Les senseurs permettant une mesure en continu de la glycémie sont utiles pour mieux comprendre les variations glycémiques à l’effort ; ils peuvent cependant être un peu moins précis durant l’exercice. Lors de modifications rapides de la glycémie, le retard entre la mesure sous-cutanée du capteur et la glycémie sanguine (5 à 10 minutes) peut sur- ou sous-estimer une glycémie qui diminue ou augmente rapidement.

Des mesures régulières
Malgré toutes ces recommandations générales et théoriques, rien ne vaut la pratique et l’expérience avec mesure régulière de la glycémie avant, durant et après l’activité physique. Chaque personne peut trouver sa propre stratégie permettant de pratiquer avec plaisir une activité physique sans hypoglycémie ni grande variabilité glycémique.

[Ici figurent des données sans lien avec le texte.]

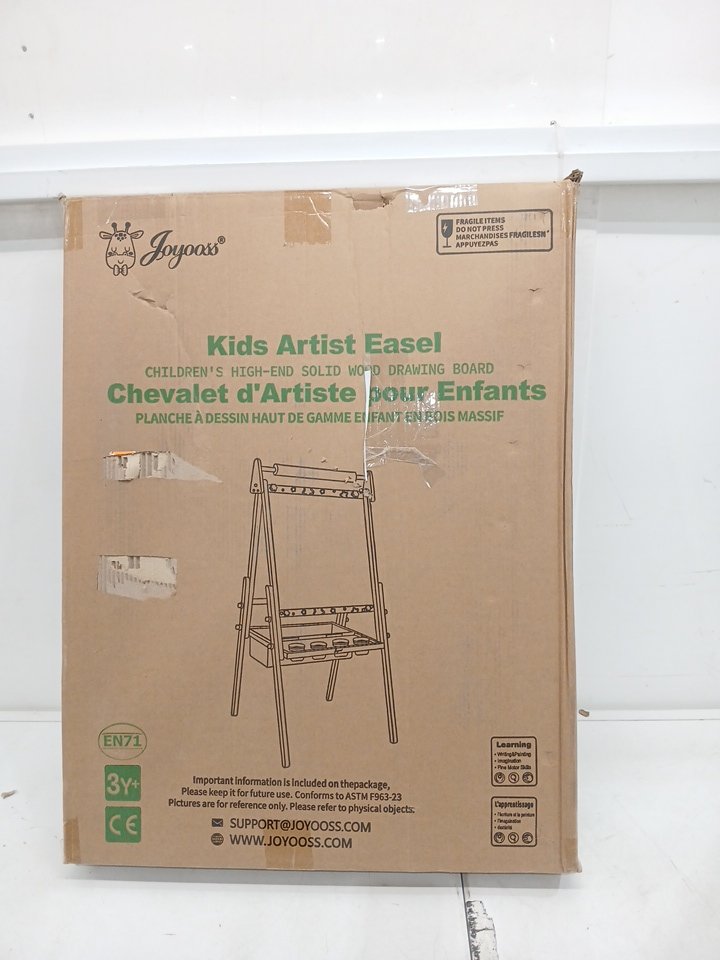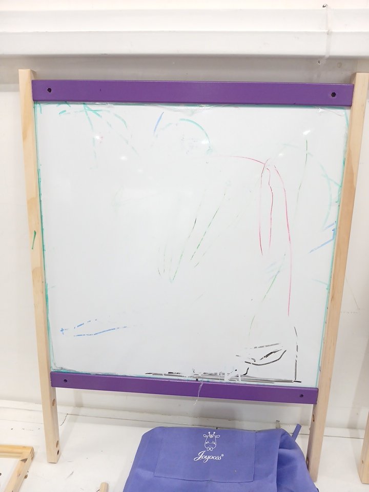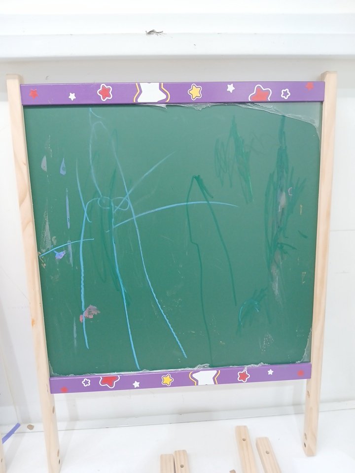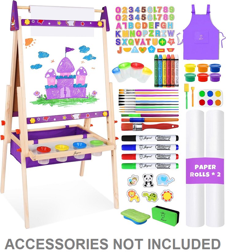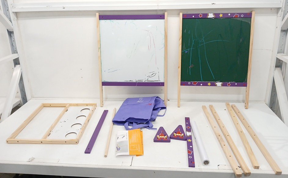 Accessories not included. This item is missing its purple bag that goes under the easel. This item has been heavily used as there is marker and chalk all over the boards and the apron is stained in paint

« Après l’exercice il est essentiel de refaire rapidement les stocks de glucose dans les muscles et le foie, pour prévenir l’hypoglycémie tardive »

L’activité physique doit être idéalement anticipée et préparée ; connaître la glycémie de départ est important de même que porter sur soi un lecteur de glycémie ainsi que de quoi corriger une éventuelle hypoglycémie. La dose d’insuline sera adaptée avant, pendant et après l’effort, de même que la consommation d’hydrates de carbone.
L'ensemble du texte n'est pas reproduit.